→ **EXTRACTED INFORMATION**:
────────
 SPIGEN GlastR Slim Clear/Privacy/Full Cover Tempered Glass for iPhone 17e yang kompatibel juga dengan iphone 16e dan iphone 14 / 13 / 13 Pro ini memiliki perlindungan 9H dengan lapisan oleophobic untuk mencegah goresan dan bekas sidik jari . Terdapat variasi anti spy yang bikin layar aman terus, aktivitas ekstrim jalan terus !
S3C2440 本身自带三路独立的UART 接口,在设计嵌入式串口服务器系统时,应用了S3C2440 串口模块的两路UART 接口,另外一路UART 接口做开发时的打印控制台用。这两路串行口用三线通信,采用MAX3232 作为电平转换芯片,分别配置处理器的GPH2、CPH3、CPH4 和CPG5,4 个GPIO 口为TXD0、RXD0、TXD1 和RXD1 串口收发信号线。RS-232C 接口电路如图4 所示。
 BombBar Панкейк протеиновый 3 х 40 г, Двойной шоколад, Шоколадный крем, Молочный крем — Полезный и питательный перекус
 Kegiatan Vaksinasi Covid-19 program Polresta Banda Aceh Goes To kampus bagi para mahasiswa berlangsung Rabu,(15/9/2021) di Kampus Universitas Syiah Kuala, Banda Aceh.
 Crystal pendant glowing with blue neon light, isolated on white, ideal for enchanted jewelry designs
────────
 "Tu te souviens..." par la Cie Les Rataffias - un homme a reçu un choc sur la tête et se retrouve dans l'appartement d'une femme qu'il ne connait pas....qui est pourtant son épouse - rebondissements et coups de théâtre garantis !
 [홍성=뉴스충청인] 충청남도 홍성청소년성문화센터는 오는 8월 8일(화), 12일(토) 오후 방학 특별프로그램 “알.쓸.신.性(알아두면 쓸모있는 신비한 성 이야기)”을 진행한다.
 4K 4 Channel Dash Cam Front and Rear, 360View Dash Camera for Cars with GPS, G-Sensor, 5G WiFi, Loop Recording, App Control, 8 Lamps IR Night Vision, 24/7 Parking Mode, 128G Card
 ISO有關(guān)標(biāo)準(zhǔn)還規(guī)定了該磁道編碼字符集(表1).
────────
→ **TASK PROMPT**:
For every line of the entries above that holds "with", add one to a tally, and report only the final count.

→ **COMPLETED TASK**:
2